Gendered language has its roots in sexism, bias | Opinion

Gendered language is not just an annoyance. It can harm

Facebook’s 71 gender options, including the two-spirit person, are a stretch. But “they”, used by singular non-binary gender identity people, was Merriam-Webster’s word of 2019 and India has recognised “other” as an official gender since 2014(Shutterstock)

Last week, my friend Kanta Singh took issue with a retired bureaucrat for his tweet on how civil servants must “evolve in a manner that those who want to corrupt him aren’t able to muster the courage to do so. His conscience must be his firewall”.

Kanta’s objection wasn’t the content. “Will request you to write a more inclusive language,” she tweeted. The objection is not irrelevant. Of the 700 officers working in the central government at the joint secretary level and above as of June 2019, 134 (19.14%) were women.

The use of the male pronoun to describe a group ends up invisibilising women. God is a solid, upper case He. And he/him/his are default settings for all manner of truisms: “A man is the sum of his actions,” (Mahatma Gandhi) or, “Technology is the nature of modern man,” (Octavio Paz) — but “mankind” excludes half of humanity.

Facebook’s 71 gender options, including the two-spirit person, are a stretch. But “they”, used by singular non-binary gender identity people, was Merriam-Webster’s word of 2019 and India has recognised “other” as an official gender since 2014. Yet, we instinctively veer towards gendered language.

Even newer words reinforce bias: Mompreneurs (ever heard of dadpreneurs?) and career women, never career men. Girl boss infantilises women and reminds us that bosses are male unless otherwise stated. Stay-home dads are hailed as exceptional unlike stay-home moms who seem to follow an inbuilt biological code.

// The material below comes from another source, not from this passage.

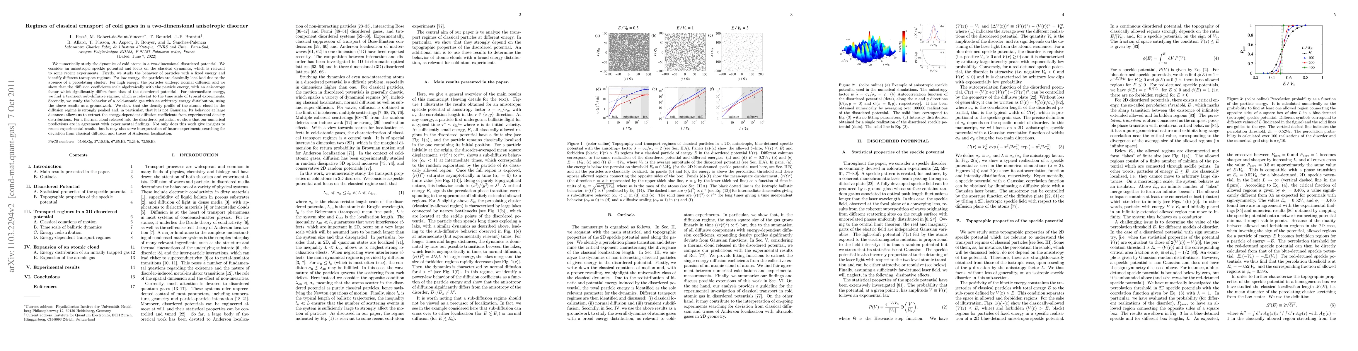 We numerically study the dynamics of cold atoms in a two-dimensional disordered potential. We consider an anisotropic speckle potential and focus on the classical regime, which is relevant to some recent experiments. First, we study the behavior of particles with a fixed energy and identify different transport regimes. For low energy, the particles are classically localized due to the absence of a percolating cluster. For high energy, the particles undergo normal diffusion and we show that the diffusion constants scale algebraically with the particle energy, with an anisotropy factor which significantly differs from that of the disordered potential. For intermediate energy, we find a transient sub-diffusive regime, which is relevant to the time scale of typical experiments. Second, we study the behavior of a cold-atomic gas with an arbitrary energy distribution, using the above results as a groundwork. We show that the density profile of the atomic cloud in the diffusion regime is strongly peaked and, in particular, that it is not Gaussian. Its behavior at large distances allows us to extract the energy-dependent diffusion constants from experimental density distributions. For a thermal cloud released into the disordered potential, we show that our numerical predictions are in agreement with experimental findings. Not only does this work give insights to recent experimental results, but it may also serve interpretation of future experiments searching for deviation from classical diffusion and traces of Anderson localization.

Those who fight for equal rights are feminazis, a word that belittles not us but the victims of the Holocaust. If you object, of course, you’re a humourless feminist, or worse, a rabid one.

And, yet, women have their own words too. Manel should shame event organisers who can’t find equally qualified women to invite. I prefer “unpaid care work” to the homier “housework” to describe the endless labour of cooking, cleaning and caring done predominantly by women.

Gendered language is not just an annoyance. It can harm. In his book, Discretion, Discrimination and the Rule of Law, Mrinal Satish studied 100 Supreme Court and 700 high court rape cases to find judgments peppered with words like “concubine”, “shocking liar”, “honour” and even “deathless shame” to describe rape survivors.

A Karnataka High Court judge’s comments on the behaviour of a rape survivor — it was “unbecoming” of an Indian woman to fall asleep after being “ravished” — while hearing a bail matter merely followed a long tradition of sexist language in court judgments. But the uproar was new and led to the welcome expunging of his remarks.

Meanwhile, Hindustan Unilever has been mulling over words, too. In an apparent nod to the Black Lives Matter movement as well as sustained agitation against a product that exploits gendered norms of beauty, the makers of Fair & Lovely cream, declared that it was dropping the word “fair”. The renamed product: Glow & Lovely. The change in nomenclature isn’t fooling anyone. Fair by any other name still remains “fair”.